Michiru no se había animado a decir una palabra, se había refugiado en la corredora pero no había abierto la boca.

- Sé que es mi culpa lo que está sucediendo – dijo acariciándole la cabeza – si yo no hubiera hecho todas las tonterías que hice nada de esto te hubiese sucedido.

- No te sientas culpable, podría haber resuelto las cosas de otra manera, pero realmente no se como hacerlo. – Contestó afligida la peli verde – han sido tantas cosas en tan poco tiempo que no sé cómo reaccionar.

- ¿a que cosas te refieres? – Preguntó la rubia mirándola a los ojos - ¿Por qué no me cuentas de una vez que es lo que te sucede? Sabes que no voy a juzgarte. – La violinista dudó un momento, pero al fin luego de un largo suspiro se animó a hablar.

- Pues, verás… hace algún tiempo, cuando discutimos y serena te buscó, Darien se quedó conmigo en el departamento y se me insinuó – la rubia lo recordaba y maldecía cada una de las palabras que le había dicho, recordaba lo cruel que había sido con ella - Aquel día lo rechacé, yo aún tenía la esperanza de que pudiésemos solucionar nuestros problemas.

- Lo recuerdo, discúlpame por haber sido tan idiota – Michiru ignoro las disculpas y continuó.

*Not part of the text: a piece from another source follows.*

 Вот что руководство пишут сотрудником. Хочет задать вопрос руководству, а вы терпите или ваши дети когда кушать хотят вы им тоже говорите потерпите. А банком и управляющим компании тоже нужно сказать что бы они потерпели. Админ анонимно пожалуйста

- El día en que Serena me mintió y se fue contigo al hotel, seduje a Darien y estuve con él – confesó ruborizada, la rubia sabía que había orillado a Michiru a hacerlo, no podía recriminarle nada – sé que no debí hacerlo, cuando lo pienso ahora me da asco, pero en aquel momento lo único que quería era destruir todo lo que existía a mi alrededor… - Hizo nuevamente una pausa. – A la mañana siguiente volvimos a estar juntos. E hice todas y cada una de las cosas que el me pidió que hiciera – La rubia se sorprendió, ese detalle no lo sabía. Suponía que solo había sido una vez, pero no esperaba enterarse de que lo hubieran repetido – Yo le prometí que estaríamos juntos una vez más. Sólo una vez más. Pero cuando volvimos a estar juntas no quise volver a verlo, solo había recurrido a él con el corazón herido y eso me trajo muchísimas penas y dolores que no quiero recordar. Te juro Haruka que no quiero volver a verlo en mi vida… pero en el ensayo con Jano él me encerró en la oficina.-

- por eso tardaste tanto y te pusiste tan nerviosa – concluyó la corredora, Michiru asintió con la cabeza.

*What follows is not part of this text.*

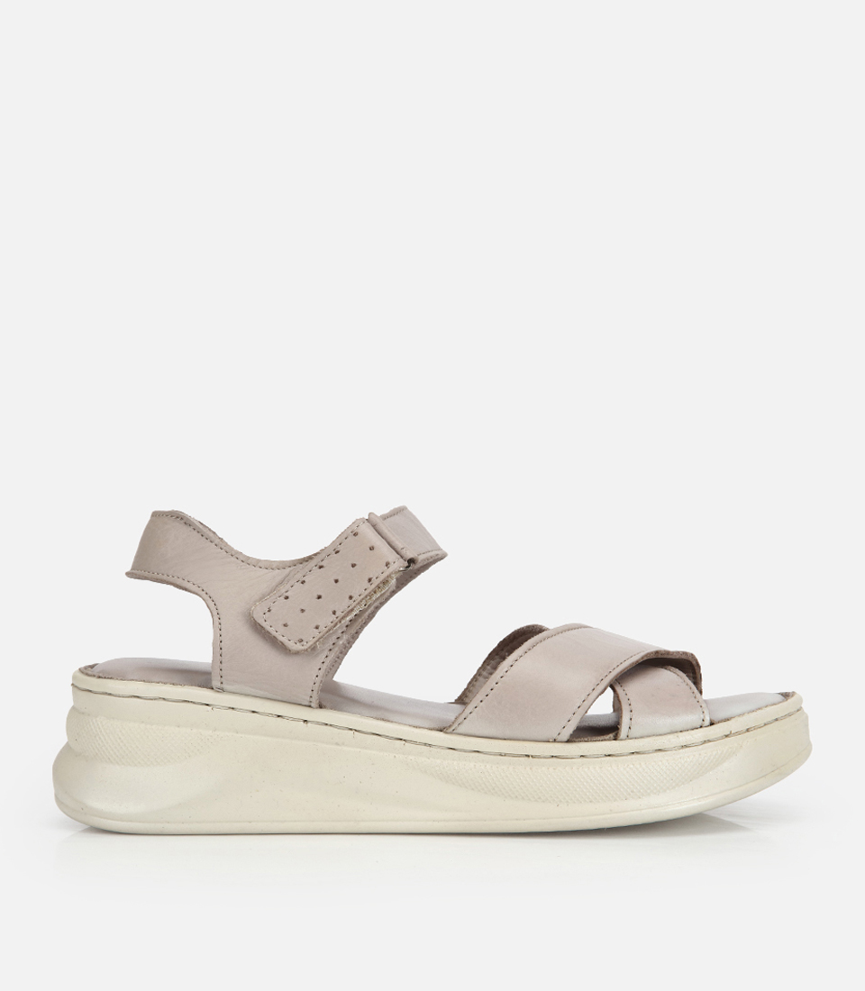 Kadın Deri Gri Yumuşak Comfort Düz Sandalet

- Me amenazó con hacerte daño, con matarte si era preciso. Me dijo que conocía a las personas del circuito, que todos podemos tener un accidente y que él tenía el poder para hacerlo. Podría haber arriesgado mi vida si me hubiera amenazado a mi, pero no a ti, no te pondría jamás en riesgo de nada. Además sé que él nunca nos dejará en paz por que está obsesionado conmigo.

- No te preocupes, lo denunciaremos -

- No servirá de nada, él hará lo que sea necesario, debo matarlo. Además quiere hacerle daño a Serena también, aunque no se exactamente que pretende con ella.

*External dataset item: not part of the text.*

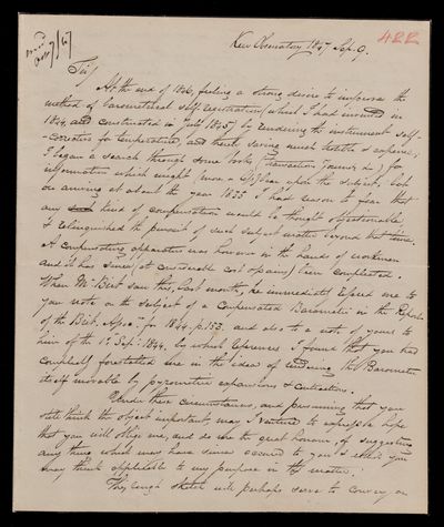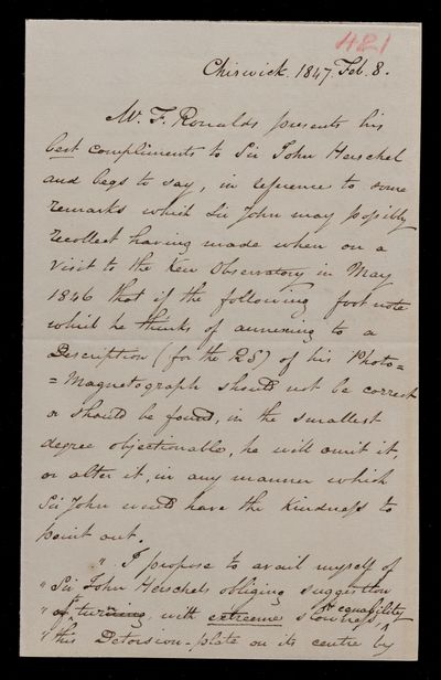 8 February 1847 Sender: Francis Ronalds Reference number: HS/14/421

- ¿Cómo lo sabes? – preguntó sorprendida

- él me dijo que amaba a serena y que a mi sólo me quería para pasar un buen momento en la cama, que lamentablemente serena se había desencantado de él, pero que encontraría la forma de recomponer la relación, por las buenas o por las malas. -

- Que poco hombre – se quejó la rubia –

- Pero es la verdad, ¿para que más me querría? – Hizo una pausa – Lo cierto es que hay que decirle a serena que tenga cuidado con el. Ese hombre está desquiciado y no sé que pueda hacerle. – La rubia recordó que sus amigos le habían contado que Serena había desaparecido y se le aceleró el corazón. Con la situación vivida con Michiru se había olvidado por completo de cabeza de bombón.- además hay algo que más que…

- Serena ha desaparecido Michiru. – la interrumpió – Ayer los chicos estaban buscándola.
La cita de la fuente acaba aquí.